> **Work request**
Before writing anything, find the line that contains "后面还有更新了Incepti", then retype the entries below exactly from their first line through that one, without pictures.

> **Dataset records**
Content starts

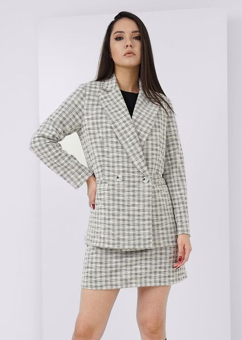 Жакет двубортный из трикотажного полотна джерси, спереди на подкладе. Прямого силуэта, умеренного объёма с втачным рукавом. Воротник с лацканами и застёжкой на петли и 2 пуговицы. Функциональный карман в рамку с клапаном. По спинке средний шов со шлицей.
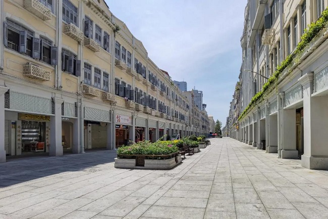 13日,福建厦门思明区中山路步行街人流稀少。
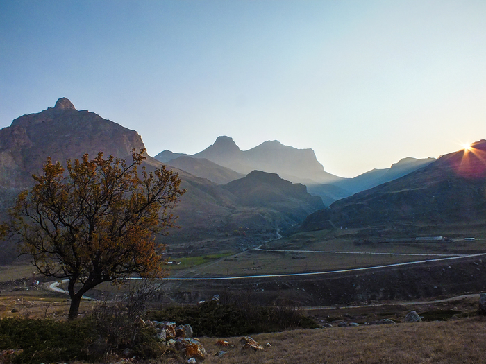 Восход над селом Эль-Тюбю. Дорога в урочище Думала. Там находится старое село Думала. В нем жили балкарцы до выселения в Казахстан, которое произошло 8 марта 1944 года.
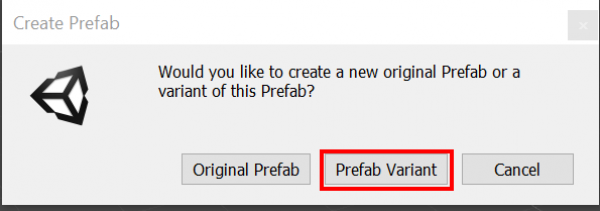 Now drag your object from the Hierarchy window back into the Project window. You will be asked whether you want to create a new Original Prefab or a Prefab Variant. Usually, you will want to have a Prefab Variant. Check out the Unity Documentation on Prefab Variants if you want to know the reasons.
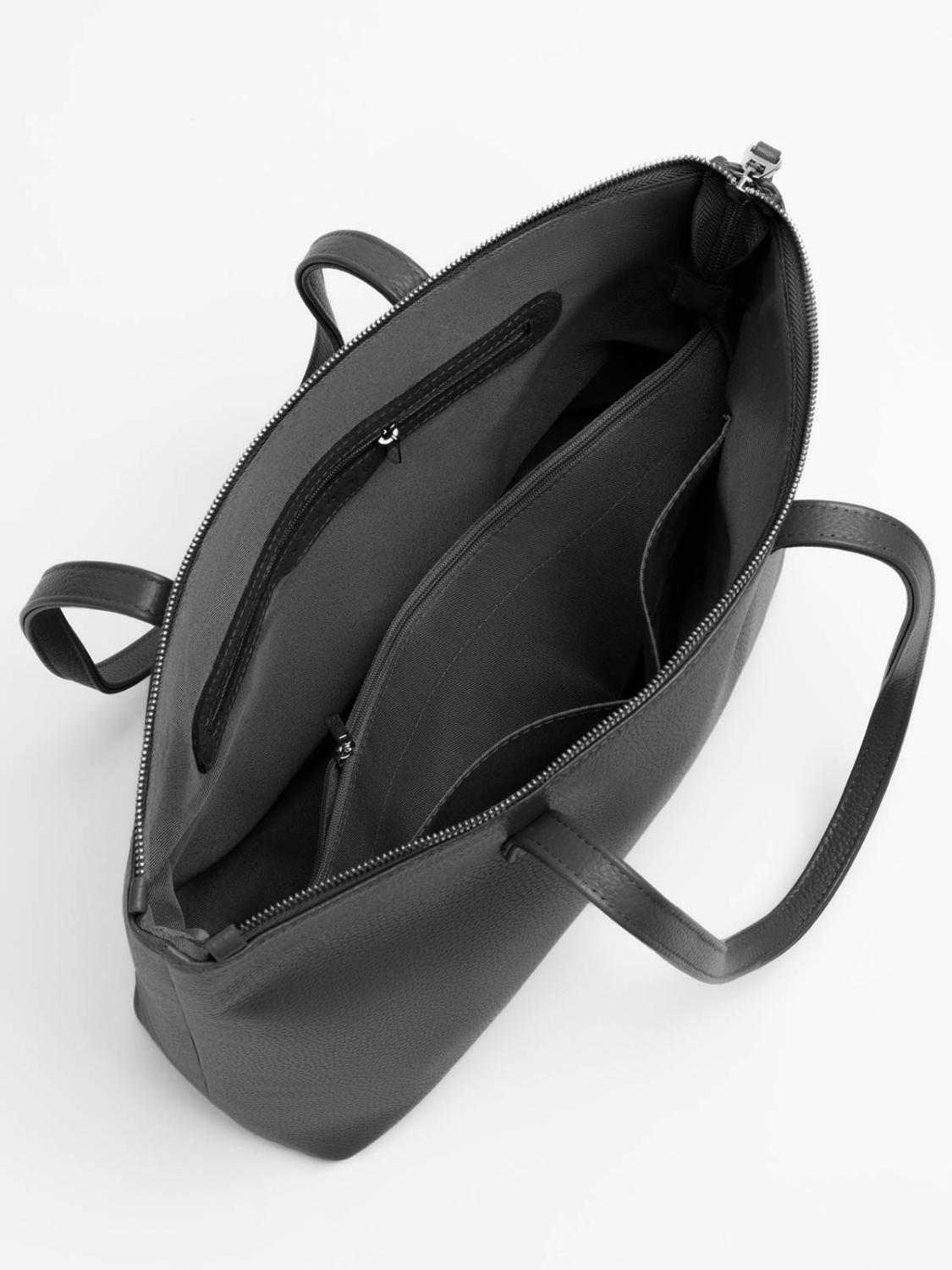 Внутри сумки перегородка на молнии для удобного разделения пространства, а также карман на молнии для хранения мелких предметов (паспорт и т.п.) и два открытых кармашка для смартфона или других вещей.
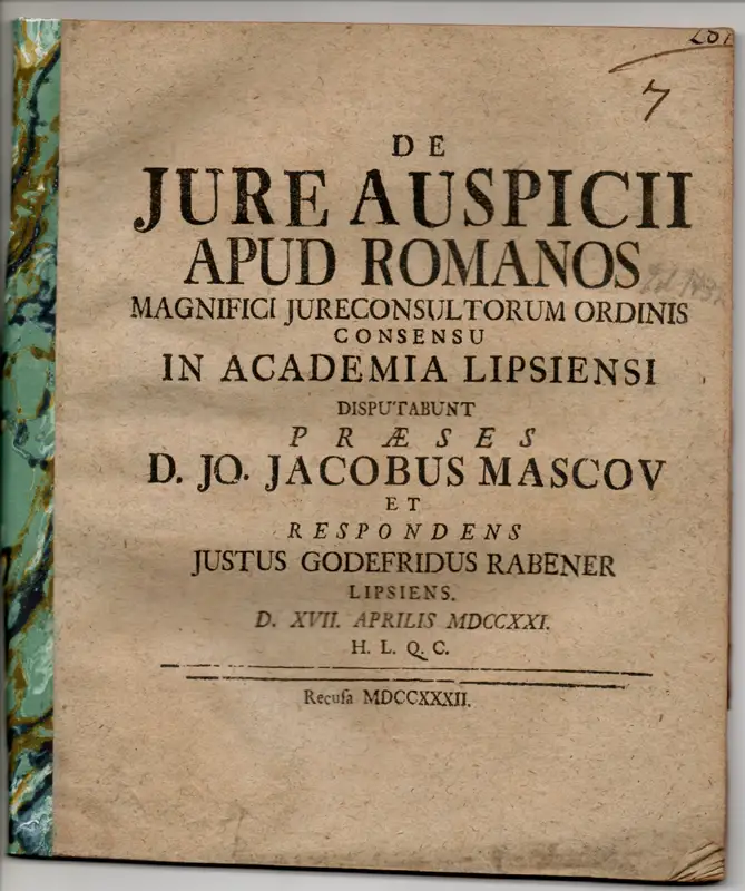 Rabener, Justus Gottfried: aus Leipzig: De iure auspicii apud Romanos.
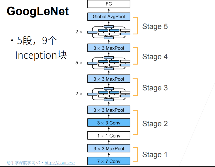 后面还有更新了Inception块的版本Inception-V3,基本也是对Inception块内的卷积核进行大小或者排布上的调整。还有使用其他方法改进的,后续会提到。
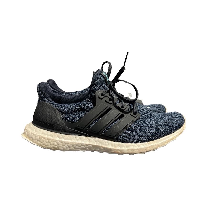 Denna version av adidas Ultra Boost 4.0 har en ovandel tillverkad av återvunnen plast från havet. Ovandelen är ventilerande och kommer i färgen Tech Ink med svarta och blå mönster. De klassiska tre adidas-ränderna syns i svart på sidorna som stödjande detaljer. På plösen finns Parley-logotypen, medan adidas-logotypen pryder framsidan av den upphöjda vita yttersulan. Den svarta hälkappan har Ultra Boost-märkning, och skon vilar på en vit formgjuten sula med Boost-mellansula för extra dämpning och energiåtergivning.
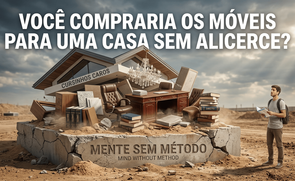 Infelizmente, não. O material é apenas o "tijolo". Se você não tiver a planta (o método) e o alicerce (a neuroestratégia), sua construção vai desmoronar antes mesmo de chegar ao telhado. Investir milhares de reais em videoaulas sem preparar seu cérebro e suas emoções para retê-las é como comprar móveis de luxo para uma casa que ainda está no barro.

Content ends

> **Solution for this exercise**
 Жакет двубортный из трикотажного полотна джерси, спереди на подкладе. Прямого силуэта, умеренного объёма с втачным рукавом. Воротник с лацканами и застёжкой на петли и 2 пуговицы. Функциональный карман в рамку с клапаном. По спинке средний шов со шлицей.
 13日,福建厦门思明区中山路步行街人流稀少。
 Восход над селом Эль-Тюбю. Дорога в урочище Думала. Там находится старое село Думала. В нем жили балкарцы до выселения в Казахстан, которое произошло 8 марта 1944 года.
 Now drag your object from the Hierarchy window back into the Project window. You will be asked whether you want to create a new Original Prefab or a Prefab Variant. Usually, you will want to have a Prefab Variant. Check out the Unity Documentation on Prefab Variants if you want to know the reasons.
 Внутри сумки перегородка на молнии для удобного разделения пространства, а также карман на молнии для хранения мелких предметов (паспорт и т.п.) и два открытых кармашка для смартфона или других вещей.
 Rabener, Justus Gottfried: aus Leipzig: De iure auspicii apud Romanos.
 后面还有更新了Inception块的版本Inception-V3,基本也是对Inception块内的卷积核进行大小或者排布上的调整。还有使用其他方法改进的,后续会提到。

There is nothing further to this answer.